## Contextualization
Raw transactional data is loaded and columns of interest are identified for contextualization (layering).

## Clustering
Each layer is clustered independently over all time windows

## Temporal Community Segmentation
Clusters are split up based on their timestamp into multiple time windows


## Feature Engineering
_Features are extracted for each cluster:_
- cluster size
- cluster standard deviation
- cluster scarcity
- cluster popularity (importance I)
- cluster diversity (importance II)

new:
- ??? (range/needed space)
- center


_Features are extracted for each layer:_
- relative cluster sizes
- layer entropy
- distance from global centers

new:
- number of nodes
- number of clusters
- center of clusters

## Cluster Features

In [None]:
from typing import List
import json
import os
from entities import TimeWindow, Cluster

def calculate_metrics_for_clusters(layer_name: str, feature_names: List[str]):
    '''
    :param layer_name: Name of the layer for which multiple time windows exist
    :param feature_names: Features of the layer
    '''
    print(f"Working on {layer_name}")

    path_in = f'input/timeslices/{layer_name}'
    path_out = f'input/metrics/{layer_name}.json'

    complete_clusters: List[Cluster] = []

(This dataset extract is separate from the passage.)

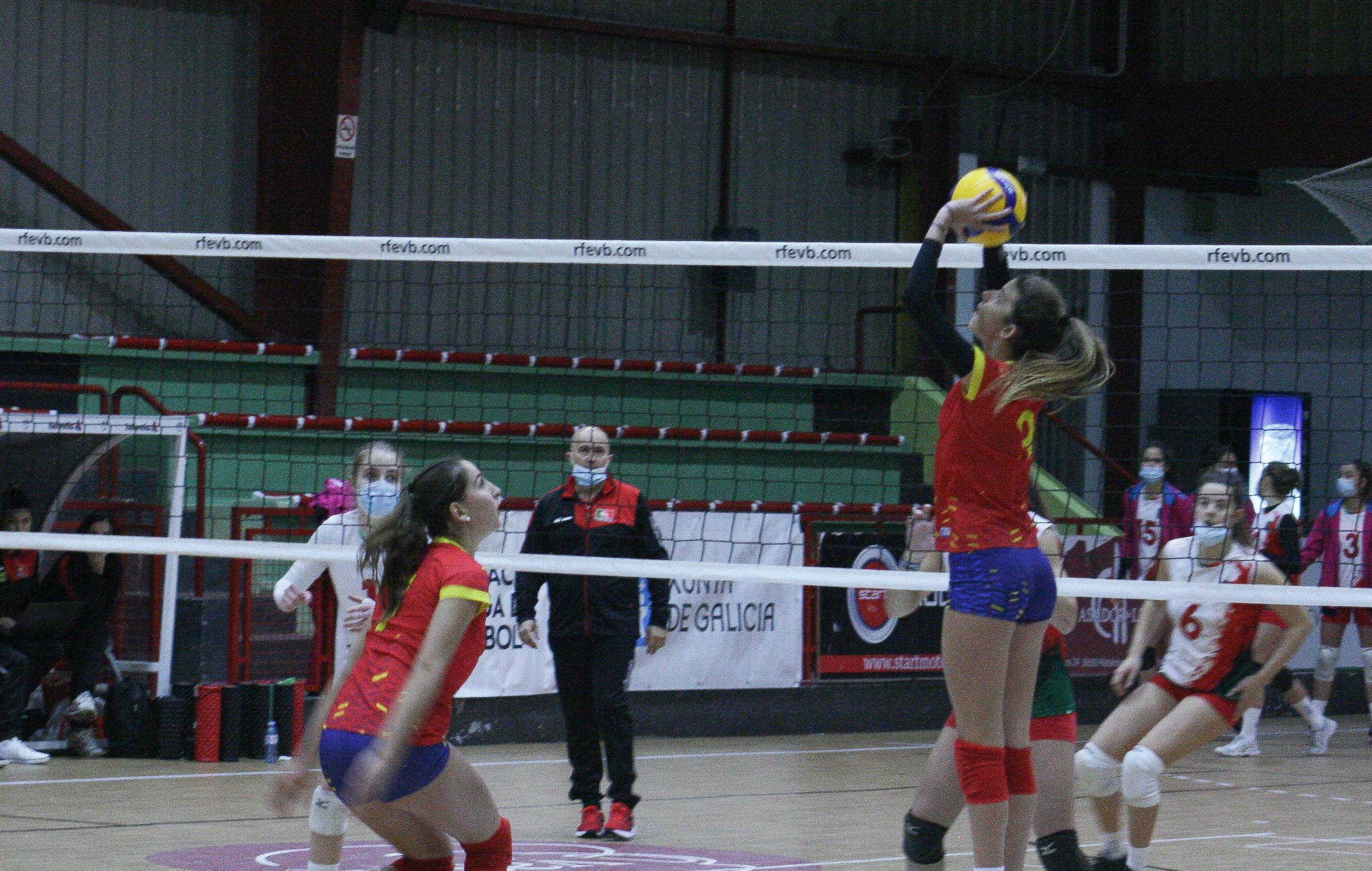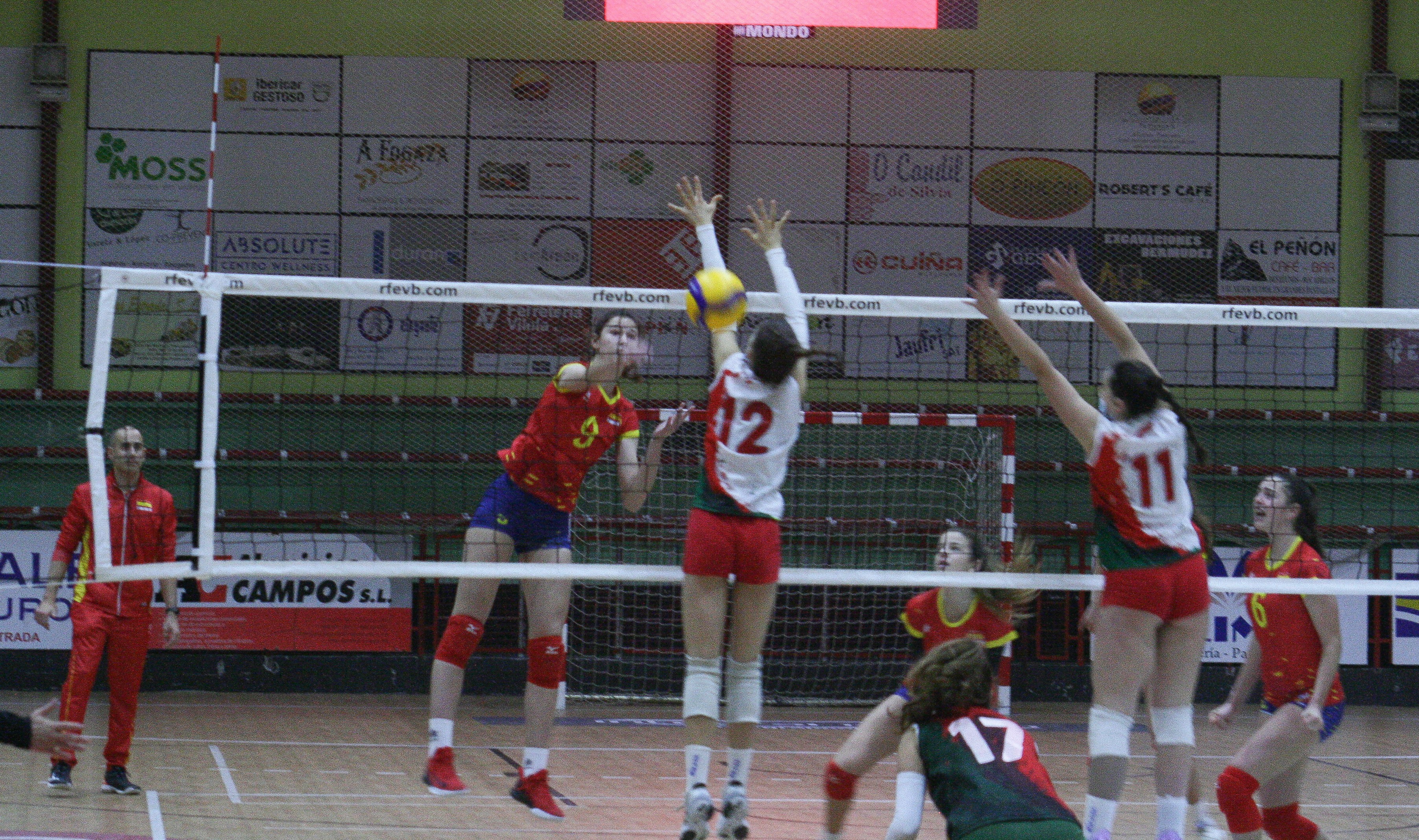 En el primer parcial, el saque contundente de Portugal les permitió avanzar en el electrónico hasta colocarse 1-5. Dos tiempos muertos después, ambos solicitados por parte de Juan Carlos Suarez, seleccionador español, permitieron a las locales volver al partido y acortar distancias, ganando confianza y precisión en recepción.

    for root, _, files in os.walk(path_in):
        for f in files:
            with open(os.path.join(root, f), 'r') as file:
                # for each time window json
                json_slice = json.loads(file.read())
                time_window = TimeWindow.create_from_serializable_dict(json_slice)

                # create all clusters + metrics for one time window
                clusters = Cluster.create_multiple_from_time_window(time_window, feature_names)
                complete_clusters.extend(clusters)
        
    # store the cluster metrics
    with open(path_out, 'w') as file:
        file.write(json.dumps([cl.__dict__ for cl in complete_clusters]))